During the Fall 2025 Commercial Vehicle Business Summit session, featuring Kathryn Schifferle of Work Truck Solutions and Steve Greenfield of Automotive Ventures, the conversation focused on how the automotive industry is evolving globally, offering insight into how mobility ecosystems worldwide are learning, adapting, and collaborating in an increasingly software-driven age.
Global Markets: Innovation through Observation
Emerging economies, in particular, are uniquely positioned. With fewer legacy systems and regulatory constraints, they can innovate from almost a “blank slate.” Historically, the U.S. has set the pace in automotive advancement, providing a model and catalyst for international markets seeking advisory support, strategic partnerships, and investment.
As Greenfield observed, “We can’t tell the future, but we can see how the automotive ecosystem has evolved in various markets around the world, draw parallels, and then try to extrapolate those parallels into insights that would help these international markets.”
Dealership Models Reimagined
One of the session’s most surprising revelations came from the discussion of international dealership models. Unlike their U.S. counterparts, whose businesses frequently depend on sprawling lots and inventory financing, global dealers often operate leaner. “You’ll see that a commercial vehicle dealer might have three parking spots or something,” Greenfield noted, “and it’s still enough for a family to survive on in terms of profitability.”
This leaner model speaks to a shift in thinking: in an era of data-driven supply chains and custom ordering, the traditional “inventory-first” model may no longer be sustainable. The future of dealerships, whether in São Paulo, Singapore, or Seattle, might rely more on deeper integration with digital tools like predictive analytics and just-in-time ordering.

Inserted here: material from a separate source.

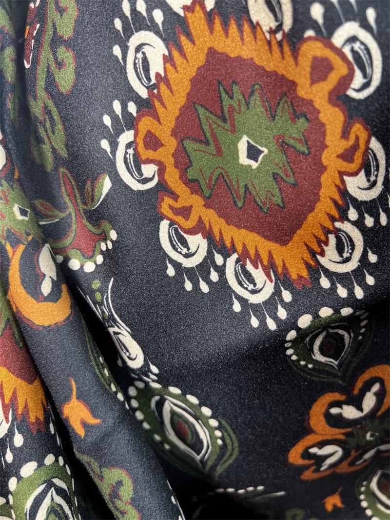 This woolen fabric is characterized by its deep and unique printed patterns, showcasing rich ethnic style and exquisite craftsmanship. The fabric is based on a deep black background, embellished with patterns in colors such as orange, grass green, brown, and white. These patterns are rooted in traditional geometric shapes and botanical elements, infused with a modern design sense, creating a distinctive visual effect.
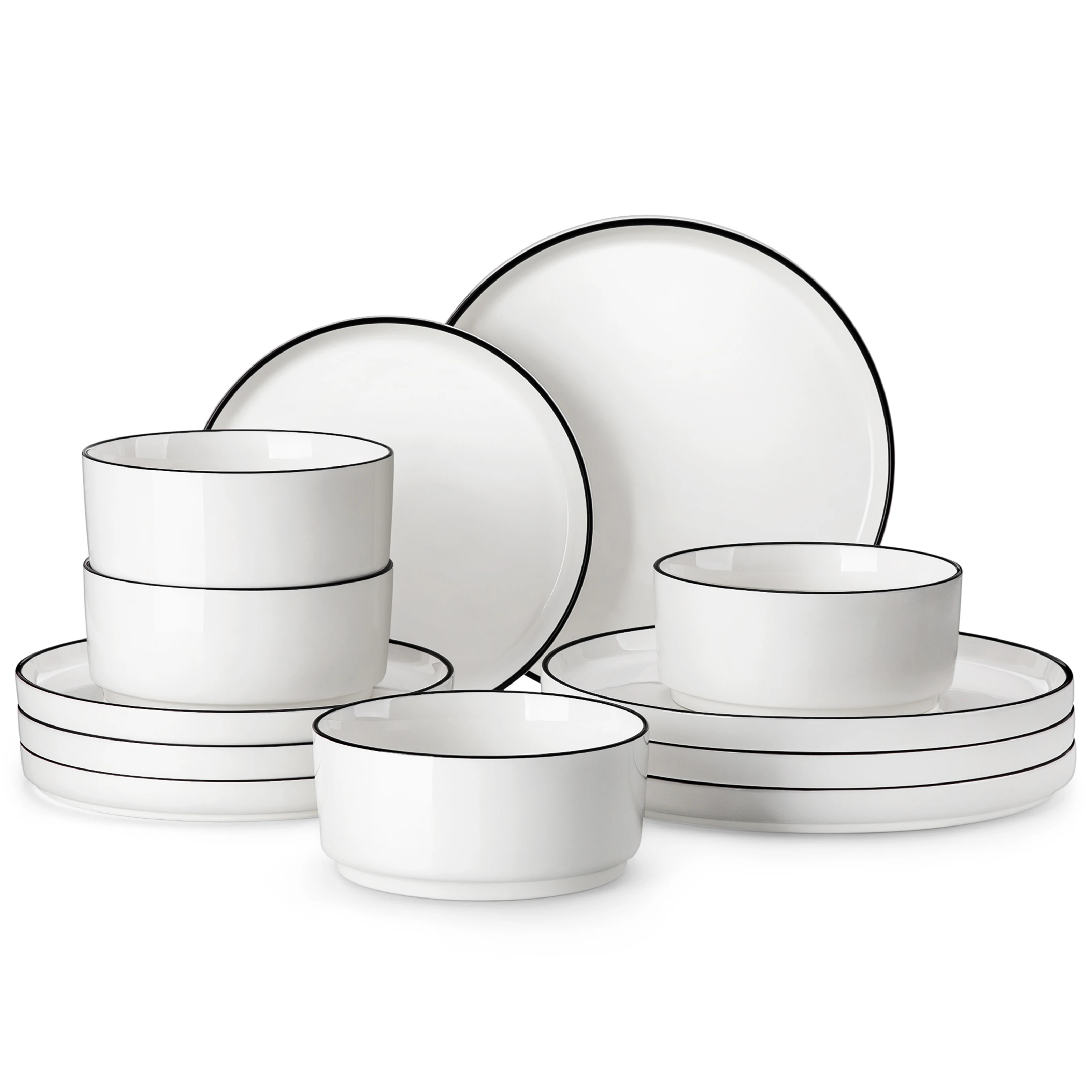 MALACASA Plates and Bowls Sets, 12 Pieces Modern Porcelain Dinnerware Set for 4 Kitchen Dinner Dining Ware Set wtih Black Rim

The real opportunity, however, lies in mutual learning: how established U.S. networks can adopt leaner, tech-enabled operations, while international markets benefit from American expertise in scaling service and standardization.
AI’s Next Phase: From Curiosity to Core Function
Artificial intelligence continues to reshape every corner of the automotive ecosystem. In sales, logistics, and manufacturing, AI’s evolution is moving from curiosity to capability. As Greenfield observed, “I think the unlock is yet to really hit us… I think the unlock will be phase one productivity gains for every employee, especially those employees who are doing repetitive tasks, and it doesn’t matter what role.”
In other words, AI isn’t replacing the workforce; it’s amplifying it. Dealership teams, fleet managers, and logistics coordinators will soon be supported by AI copilots capable of analyzing customer data, optimizing inventory, and automating routine operations. For an industry often constrained by inefficiency, these productivity gains signal a shift toward smarter, more human-centered operations, where technology expands capacity rather than replaces it.
Customization and the Rise of the Software-Defined Vehicle
As technology becomes normalized, consumer expectations for personalization continue to grow. The SDV (Software-Defined Vehicle) is no longer a futuristic concept; it’s an industry reality. Automakers across the globe are designing vehicles around customizable, consumer-centric operating stacks.
This signals a significant transformation in business: from short-term vehicle sales to lifecycle monetization. OEMs are now competing not only on engineering excellence but also on user experience, one that is digital, emotional, and continuously updatable. Dealers, too, will need to evolve from mechanical service providers to software enablement hubs.
Greenfield captured the essence of this shift: “To really unlock customization—your driving or cabin experience being quite different than mine—is all going to be based on software and configuration.”
This personalization doesn’t just add luxury; it creates loyalty. As consumers grow accustomed to vehicles that learn and evolve over time, the relationship between driver, dealer, and OEM becomes long-term, data-driven, and deeply personalized.
Looking Ahead: The Future of Mobility
The conversation between Schifferle and Greenfield illuminated a powerful truth: the future of mobility isn’t about any single breakthrough. It’s about convergence. Technology, business models, and consumer expectations are aligning faster than at any time in automotive history.
Markets will continue to grow and cross-innovate. Creativity will push the bounds of technology, from tool to teammate. And vehicles, once defined purely by hardware, will evolve into ecosystems of software, service, and experience.
The Fall 2025 CVBS session didn’t just outline what’s next. It reminded us why transformation matters: because mobility, at its best, reflects our shared capacity to connect, advance, and redefine what progress means on a global scale.